Anne Boleyn: A King's Obsession (Six Tudor Queens #2) by Alison Weir: A Book Review

Anne Boleyn: A King’s Obsession
Author: Alison Weir
Genre: Historical Fiction
Publisher: Ballantine Books
Release Date: May 16, 2017
Pages: 561
Source: Netgalley/Publisher in exchange for an honest review.
 Synopsis: In this second novel of Alison Weir’s epic Six Tudor Queens series, the acclaimed author and historian weaves exciting new research into the story of Anne Boleyn, Henry VIII’s most infamous wife, a woman ahead of her time whose very life—and death—forever changed a nation.

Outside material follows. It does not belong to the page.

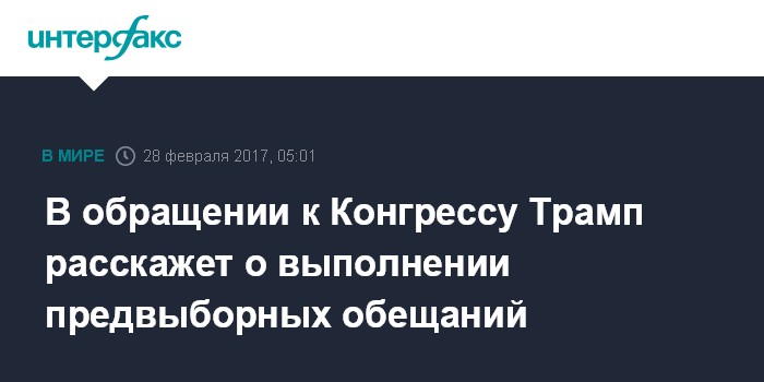 Выступание даст президенту возможность "переместить фокус внимания его молодой администрации на насущные экономические проблемы, что помогло ему победить на выборах", отмечает агентство. "Советники Трампа заявили, что он использует речь для того, чтобы декларировать прогресс в реализации предвыборных обещаний, включая выход США из Транстихоокеанского партнерства и следование по тернистому пути законодательных приоритетов, таких, как здравоохранение и расходы на инфраструктуру".

     Born into a noble English family, Anne is barely a teenager when she is sent from her family’s Hever Castle to serve at the royal court of the Netherlands. This strategic move on the part of her opportunistic father also becomes a chance for the girl to grow and discover herself. There, and later in France, Anne thrives, preferring to absorb the works of progressive writers rather than participate in courtly flirtations. She also begins to understand the inequalities and indignities suffered by her gender.

     Anne isn’t completely inured to the longings of the heart, but her powerful family has ambitious plans for her future that override any wishes of her own. When the King of England himself, Henry VIII, asks Anne to be his mistress, she spurns his advances—reminding him that he is a married man who has already conducted an affair with her sister, Mary. Anne’s rejection only intensifies Henry’s pursuit, but in the absence of a male heir—and given an aging Queen Katherine—the opportunity to elevate and protect the Boleyn family, and to exact vengeance on her envious detractors, is too tempting for Anne to resist, even as it proves to be her undoing. 

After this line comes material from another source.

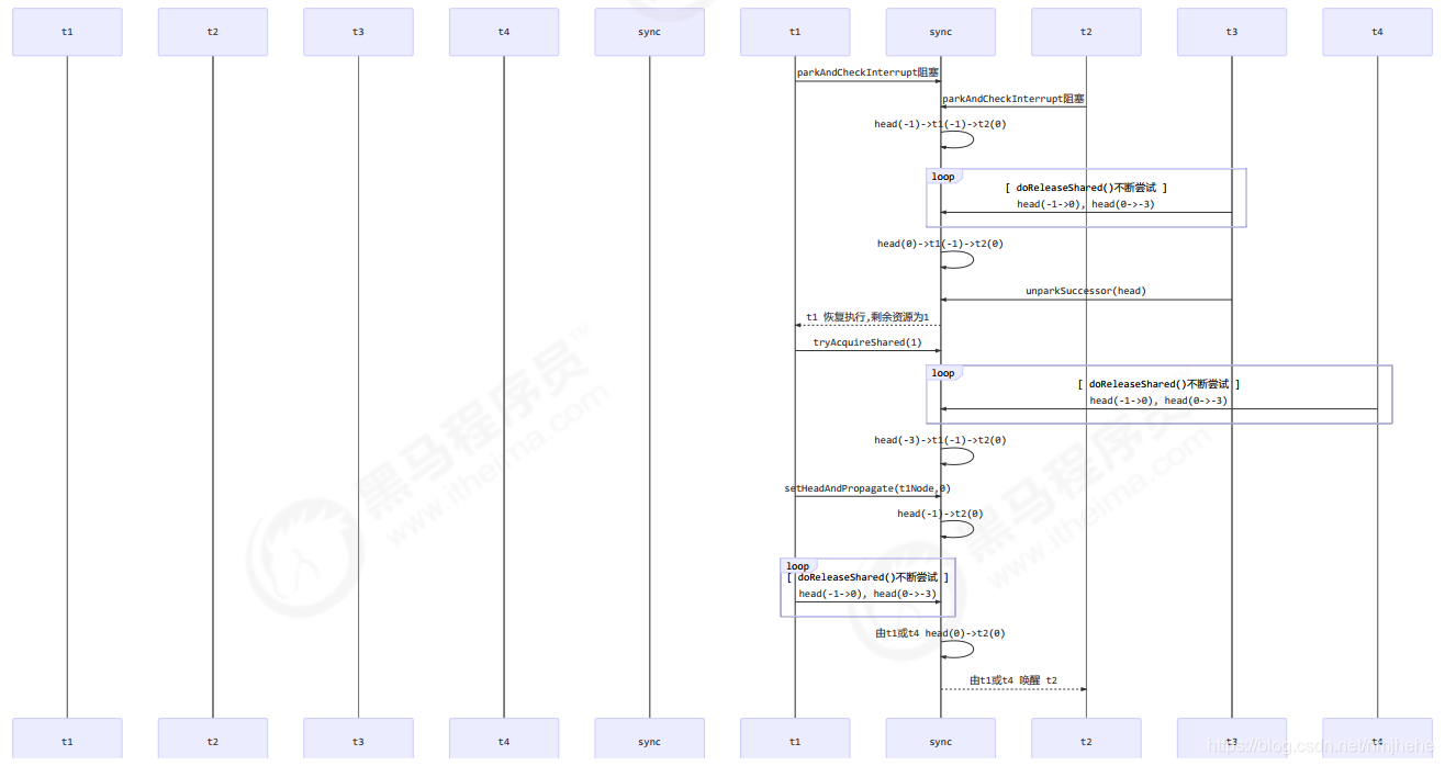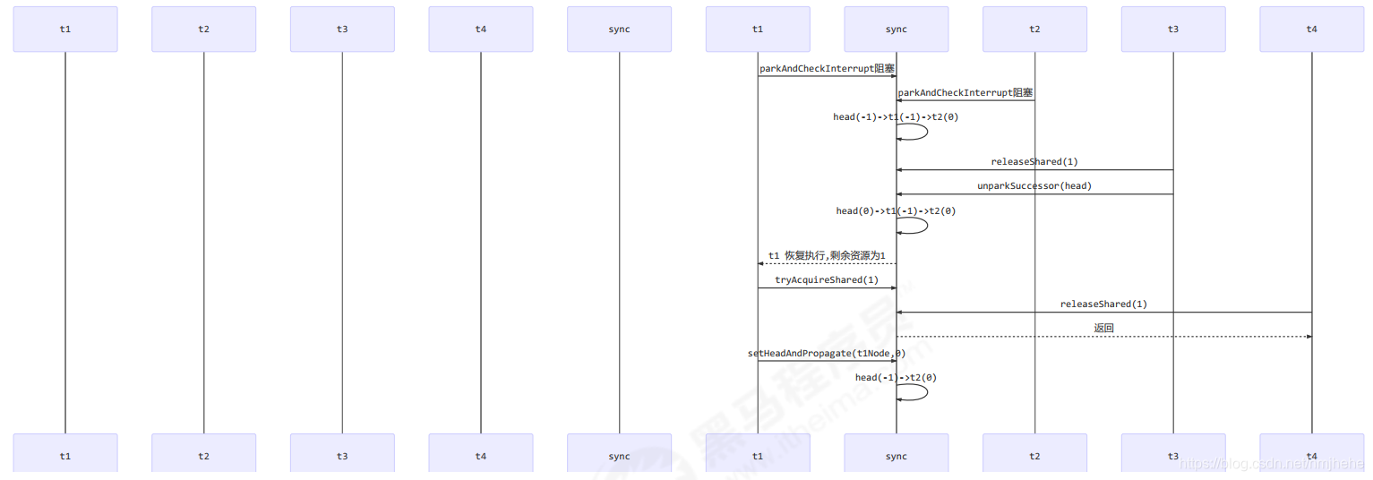 4. T1 获取信号量成功,调用 setHeadAndPropagate 时,读到 h.waitStatus < 0,从而调用
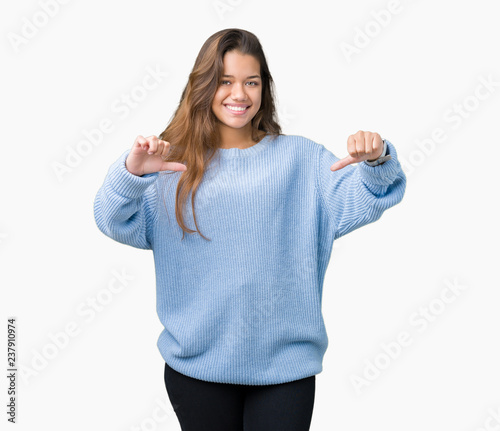 Young beautiful brunette woman wearing blue winter sweater over isolated background looking confident with smile on face, pointing oneself with fingers proud and happy.

     While history tells of how Anne Boleyn died, this compelling new novel reveals how fully she lived.

     My Review: In the second book of the Six Tudor Queens series, Alison Weir focuses on the life of Anne Boleyn. In this historical fiction novel, Anne is portrayed as a woman ahead of her time. She had grown up in the courts of Margaret of Austria and Marguerite of Valois. Therefore, she had Renaissance ideals and believed in reforming the Catholic Church. She is also a young girl who dreams of marrying for love. When she catches the eye of Henry VIII, at first she spurns his advances because he is a married man. Yet, when he decides to make her his queen, Anne reluctantly agrees, believing that by being queen, she can put her beliefs into practice. Anne eventually becomes in love with power. However, as her unpopularity grows and her tempestuous relationship with Henry continues, Anne begins to wonder if the glittering crown of England is worth it in the end.

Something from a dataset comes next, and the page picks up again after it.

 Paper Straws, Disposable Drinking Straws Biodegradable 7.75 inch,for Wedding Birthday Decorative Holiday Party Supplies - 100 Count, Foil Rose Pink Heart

    Anne Boleyn is a very fascinating and controversial figure. Mrs. Weir decides to tell the story from Anne’s point of view. We follow Anne from when she first joins the court of Margaret of Austria to her execution. We see what led to her decision in supplanting Katherine to become queen. Anne definitely has her flaws. She is temperamental, power-hungry, controlling, and vengeful. She wants to destroy those who have hurt her. However, there are moments of Anne’s vulnerability when she questions her ruthless actions. At first, she is reluctant to hurt Katherine because of the kindness she bestowed on her. In, the end, she is remorseful at the trouble and pain that she caused Katherine’s daughter Mary. Thus, Anne is a deeply complex character.

   Overall, Anne Boleyn: A King’s Obsession is an in-depth psyche about Anne Boleyn’s motivations and her actions. While Anne Boleyn was a deeply complex character, the rest of the cast were flat. This may have been because the story was told from her point of view. Even though this was a long novel, the story was very fast-paced. Therefore, some of the scenes were rushed, and it left me a bit disappointed because I would have loved for Mrs. Weir to have spent more time developing the characters. Still, this is by far the best novel I have read on Anne Boleyn, and I will definitely be re-reading it. This is because despite its flaws, I thought the story was beautifully written. It seemed as if I was in Tudor England and walking alongside Anne until the moment when her head is chopped off. Thus, while I did like Katherine of Aragon: The True Queen, Anne Boleyn: A King’s Obsession has surpassed it. I can’t wait to read Alison Weir’s next novel in the Six Tudor Queens about Jane Seymour!